§ Task
Print the listing below exactly, minus its pictures.

§ Data provided
Start of Block

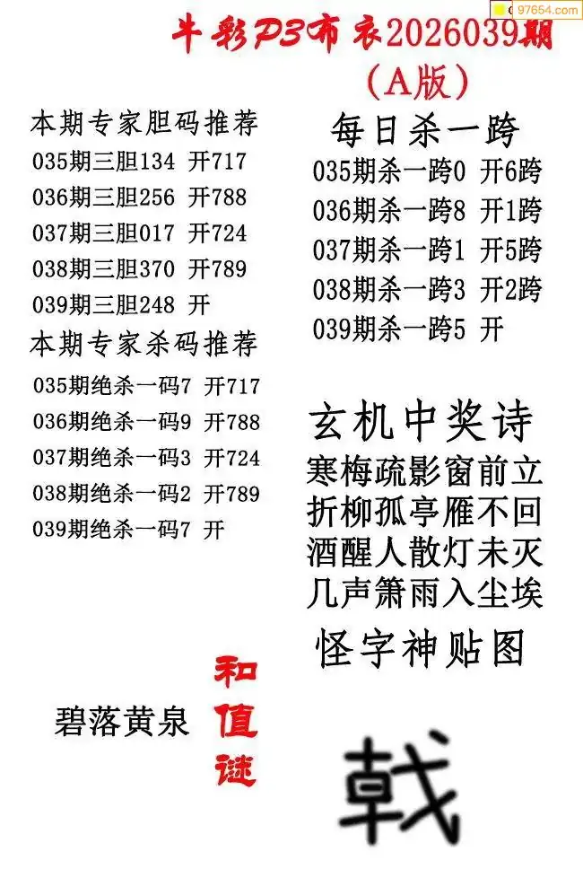 039期清清漫玄系列体彩p3图谜_排三图库p3图库打印
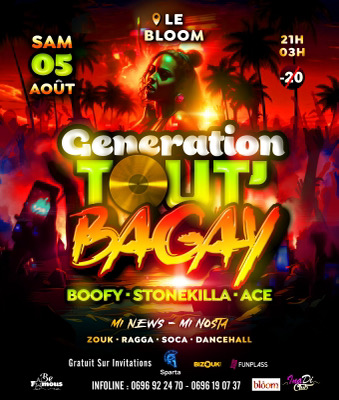 🪩*GÉNÉRATION TOUT' BAGAY*💿 ⚡️ *Le choc des Générations* ⚡️ 🕺🏾💃🏾 Ambiance Mi Nosta - Mi News Zouk, Ragga, Soca, Dancehall 💃🏾🕺🏾 🗓️ *Samedi 05 Août 2023* 📍 *Le BLOOM (Cour Perrinon FDF)* ⌚️ *21h - 03h* 🎶 Ambiance assurée par : 🎶 🎧 *BOOFY* 🎧 *STONEKILLA* 🎧 *ACE* 🎟️ *EVENEMENT GRATUIT SUR INVITATIONS (limitées) valables pour tous avant 23h30 Ensuite 20€* https://my.bizouk.com/generation-tout-bagay Préventes : 15€ sur Bizouk.com 🚨 Strictement interdit aux moins de 20 ans ❌...
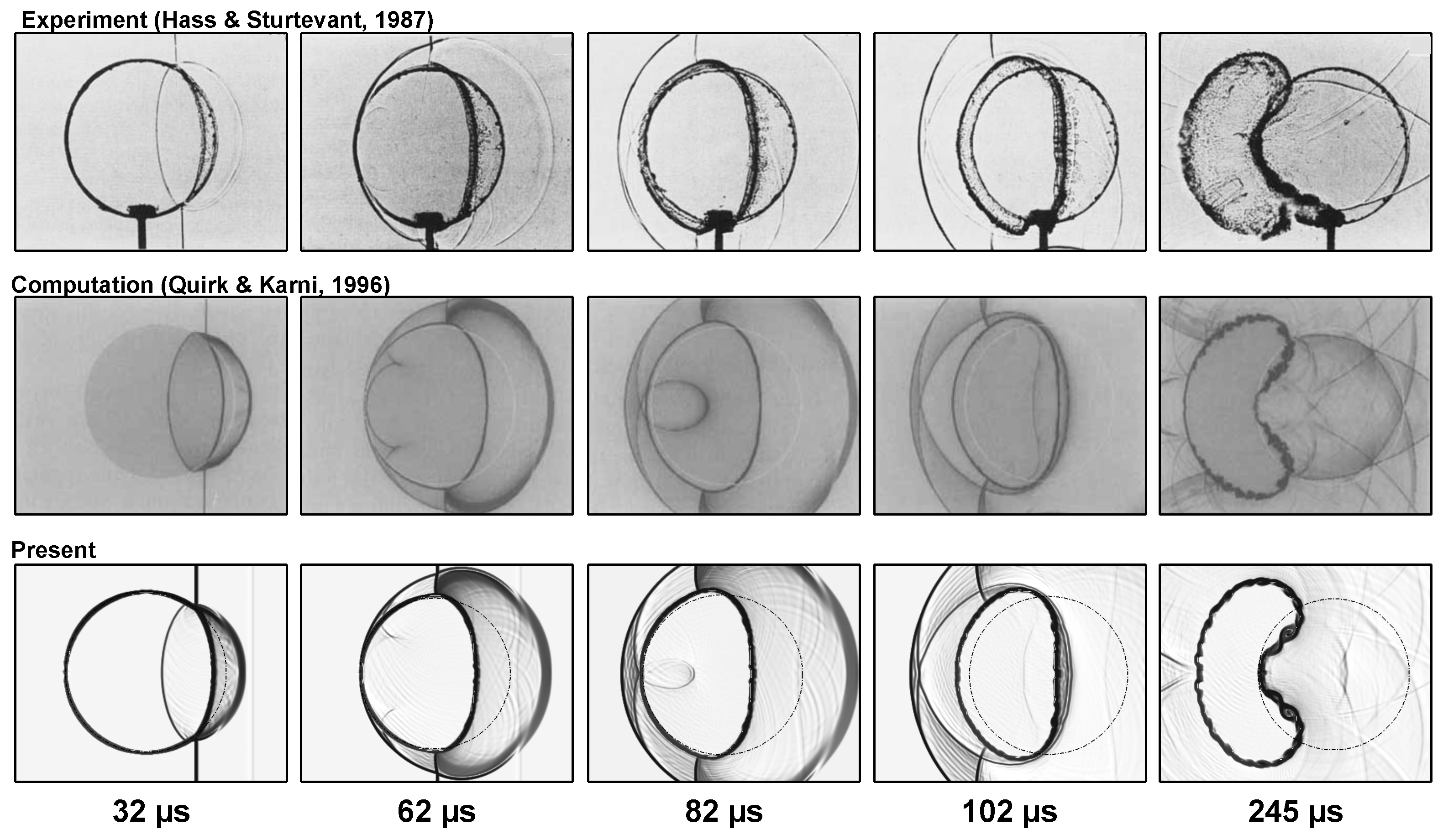 - Quirk, J.J.; Karni, S. On the dynamics of a shock–bubble interaction. J. Fluid Mech. 1996, 318, 129–163. [Google Scholar] [CrossRef]
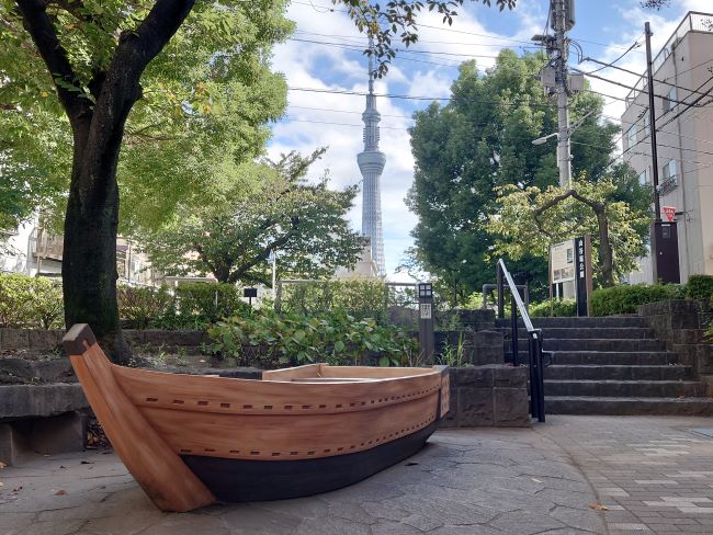 山谷堀は現在、山谷堀公園へと姿を変えましたが、公園には猪牙船のモニュメントが設置されています。公園を水路に見立て、筆(土地)と合わせて眺めると、猪牙船に揺られて吉原へ向かう人々の姿を偲ぶことができます。

End of Block

§ Task solution
 039期清清漫玄系列体彩p3图谜_排三图库p3图库打印
 🪩*GÉNÉRATION TOUT' BAGAY*💿 ⚡️ *Le choc des Générations* ⚡️ 🕺🏾💃🏾 Ambiance Mi Nosta - Mi News Zouk, Ragga, Soca, Dancehall 💃🏾🕺🏾 🗓️ *Samedi 05 Août 2023* 📍 *Le BLOOM (Cour Perrinon FDF)* ⌚️ *21h - 03h* 🎶 Ambiance assurée par : 🎶 🎧 *BOOFY* 🎧 *STONEKILLA* 🎧 *ACE* 🎟️ *EVENEMENT GRATUIT SUR INVITATIONS (limitées) valables pour tous avant 23h30 Ensuite 20€* https://my.bizouk.com/generation-tout-bagay Préventes : 15€ sur Bizouk.com 🚨 Strictement interdit aux moins de 20 ans ❌...
 - Quirk, J.J.; Karni, S. On the dynamics of a shock–bubble interaction. J. Fluid Mech. 1996, 318, 129–163. [Google Scholar] [CrossRef]
 山谷堀は現在、山谷堀公園へと姿を変えましたが、公園には猪牙船のモニュメントが設置されています。公園を水路に見立て、筆(土地)と合わせて眺めると、猪牙船に揺られて吉原へ向かう人々の姿を偲ぶことができます。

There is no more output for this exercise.